Implementation fidelity and sustainability

A safety checklist should be implemented to align with its intentions, i.e. to improve work processes through better team communications. Being realistic in implementation means focussing on what can be done and setting aside what may seem desirable but not feasible [80]. Ideally, fidelity of implementation should centre on factors that enable work process improvements. In some review studies, process adherence was evaluated longitudinally but had, over time, decayed. Our findings support the notion that flexibility in process and reflexivity seem integral to sustainability. In an earlier Cochrane review, 26 randomised controlled trials found that interventions that had been tailored to address contextual barriers to change were more likely to improve professional practice compared with no intervention or dissemination of guidelines [20]. However, most methods to develop tailored interventions need further development. Our synthesis has revealed that in most instances, the interventions were implemented inconsistently, rendering their impact and overall sustainment limited. It is important to garner staff perceptions of barriers to enable tailoring of interventions to the context [78, 79].

Strengths and limitations

We recognise that this synthesis has some limitations. First, the quality of the review is only as robust as the primary studies on which the synthesis is based. A major constraint is that the majority of the studies included in our review gave only a cursory description of the implementation strategies used to embed surgical safety checklists in practice. The lack of data in this regard imposes caveats on the extent to which all aspects of the explanatory theories identified herein can be applied to the clinical contexts where checklist implementations occurred. Most of the papers included did not provide information on the fidelity of intervention delivery. Perhaps richer and more detailed descriptions of the implementation process used would have permitted a more fine-grained analysis of the contextual barriers and enablers to implementation. Subsequently, testing our middle-range theories and propositions may have resulted in findings with fewer nuances.

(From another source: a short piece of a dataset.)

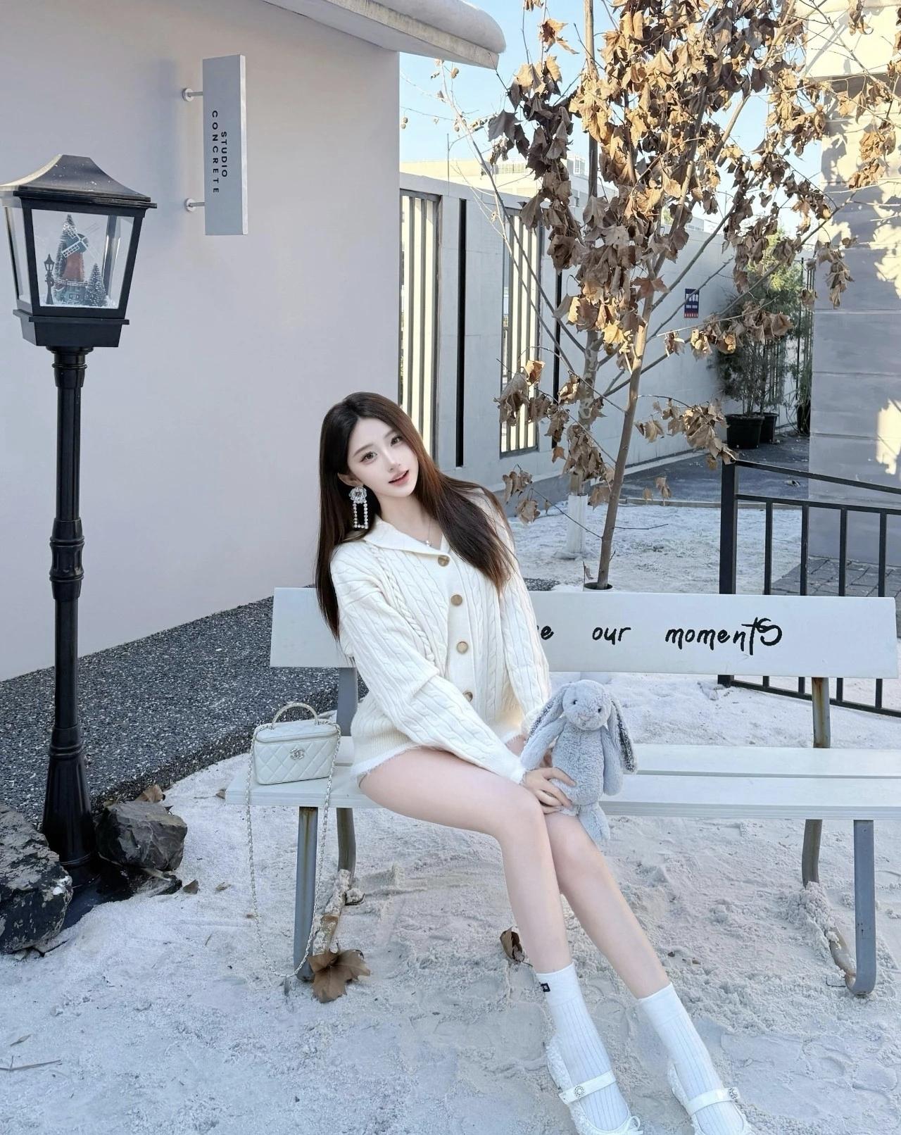 秋日穿搭指南:米色毛衣+白色短靴,轻松出街

Moreover, in answering the same research questions, a different group of researchers may have inevitably identified a different set of primary sources and made different judgements about their quality and relevance. Arguably, this is an inherent characteristic in any realist review that addresses the nuances of implementing complex interventions across different organisational, social, or environmental contexts. Importantly, the reviewer’s interpretive judgements are integral to the synthesis process and can never fully be standardised or rationalised [23, 66].

Conclusions and recommendations

Rather than attempting to control contextual factors, they need to be harnessed because they inevitably determine the mechanisms that are activated to generate the outcomes. Despite that the explanatory model generated herein is in its early stages of development, it may be used to inform areas where further translational research in this area is needed. Through the use of realist evaluation methodology, we envisage these findings may assist clinical leaders and hospital administrators to select appropriate interventions to their particular context. We recommend that future researchers test the explanatory model developed through this synthesis specifically focussing on yielding more data on checklist implementation, viz undertaking process evaluations and designing studies across multiple healthcare settings and then collecting data on how implementation varied across contexts. The explanatory model developed herein is intended to provide the evidence needed to strengthen each link in the implementation chain.